From about 46:30 in the video, Eiserloh says that this is his third iteration of this hash function. Ultimately, his hand-crafted function produces results with an equally good statistical quality, and just slightly faster in C++ than C++'s std::hash<int>
. I don't have the details to know how a Rust-based implementation would compare, but let's take a look at what it does. It takes both the position we're requesting, and the seed, as arguments.

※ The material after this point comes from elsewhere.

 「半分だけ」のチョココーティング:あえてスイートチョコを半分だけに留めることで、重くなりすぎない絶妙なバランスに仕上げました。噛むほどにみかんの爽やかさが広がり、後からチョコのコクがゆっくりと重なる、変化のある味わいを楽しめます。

uint32_t Squirrel3(int position, uint32_t seed)
{
constexpr unsigned int BIT_NOISE1 = 0xB5297A4D;
// He says in the talk that these are prime numbers, but this is an even number,
// so it may be a typo. Regardless, we're using it as displayed in the talk.

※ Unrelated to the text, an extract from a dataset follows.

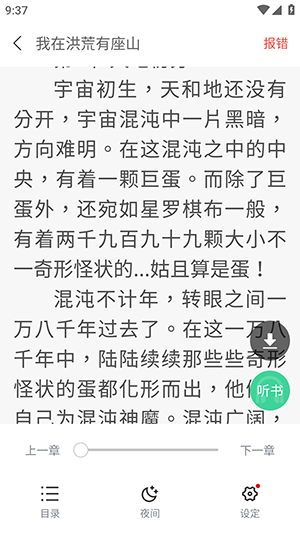 在阅读界面中,轻点屏幕后,听书区域上方的功能选项即为相应功能。

constexpr unsigned int BIT_NOISE2 = 0x68E31DA4;
constexpr unsigned int BIT_NOISE3 = 0X1B56C4E9;
unsigned int mangled = position;
mangled *= BIT_NOISE1;
mangled += seed;
mangled ^= (mangled >> 8);
mangled += BIT_NOISE2;
mangled ^= (mangled << 8);
mangled *= BIT_NOISE3;
mangled ^= (mangled >> 8);
return mangled;
}
There's a few more transformations here - and worth pointing out that the seed
value is used after the first transformation, and not merely added to the position - but nothing new syntax wise from the above example. In Rust, following the same strategy with regards to i32
and u32
as in the first example, we end up with a function like this:
pub fn squirrel_3(position: i32, seed: u32) -> u32 {
const BIT_NOISE1: u32 = 0xB5297A4D;
const BIT_NOISE2: u32 = 0x68E31DA4;
const BIT_NOISE3: u32 = 0x1B56C4E9;
let mut mangled = position as u32;
mangled = mangled.wrapping_mul(BIT_NOISE1);
mangled += seed;
mangled ^= mangled >> 8;
mangled = mangled.wrapping_add(BIT_NOISE2);
mangled ^= mangled << 8;
mangled = mangled.wrapping_mul(BIT_NOISE3);
mangled ^= mangled >> 8;
mangled
}
Note if you forget to use wrapping_*
here and try to run it, your program will immediately crash with a panic error when you try to run it. Ask me how I know...
Now if you run this with a couple basic ranges and some alternate seeds:
// In main.rs in this case.
println!("Squirrel 3 results:");
let seed = 12345; // Don't use this on your luggage.
for number in 0..12 {
println!(
"Input {} with seed {} produces output {}",
number,
seed,
squirrel_3(number, seed)
)
}
let seed_two = 54321;
for number in 0..12 {
println!(
"Input {} with seed {} produces output {}",
number,
seed_two,
squirrel_3(number, seed_two)
)
}
You get results like this!
Squirrel 3 results:
Input 0 with seed 12345 produces output 3220422020
Input 1 with seed 12345 produces output 4234179005
Input 2 with seed 12345 produces output 334301668
Input 3 with seed 12345 produces output 145620291
Input 4 with seed 12345 produces output 2582164250
Input 5 with seed 12345 produces output 3262987543
Input 6 with seed 12345 produces output 63288327
Input 7 with seed 12345 produces output 2166186108
Input 8 with seed 12345 produces output 3083917344
Input 9 with seed 12345 produces output 28553252
Input 10 with seed 12345 produces output 2522297604
Input 11 with seed 12345 produces output 3818220281
Input 0 with seed 54321 produces output 3899447266
Input 1 with seed 54321 produces output 3175783065
Input 2 with seed 54321 produces output 3814005845
Input 3 with seed 54321 produces output 2040039807
Input 4 with seed 54321 produces output 1530743793
Input 5 with seed 54321 produces output 3295748292
Input 6 with seed 54321 produces output 327221713
Input 7 with seed 54321 produces output 3085187008
Input 8 with seed 54321 produces output 1267060869
Input 9 with seed 54321 produces output 3629072812
Input 10 with seed 54321 produces output 3952664767
Input 11 with seed 54321 produces output 900255667
These results don't show the issue noted in the first example with the weirdly low first number and give a nice range. Unfortunately, I'm not sure of the details on how to test this in a way that compares directly with the results in the talk, so I can't comment on that aspect. But we have successfully implemented a function to return a a random, yet totally predictable number for generating procedural content!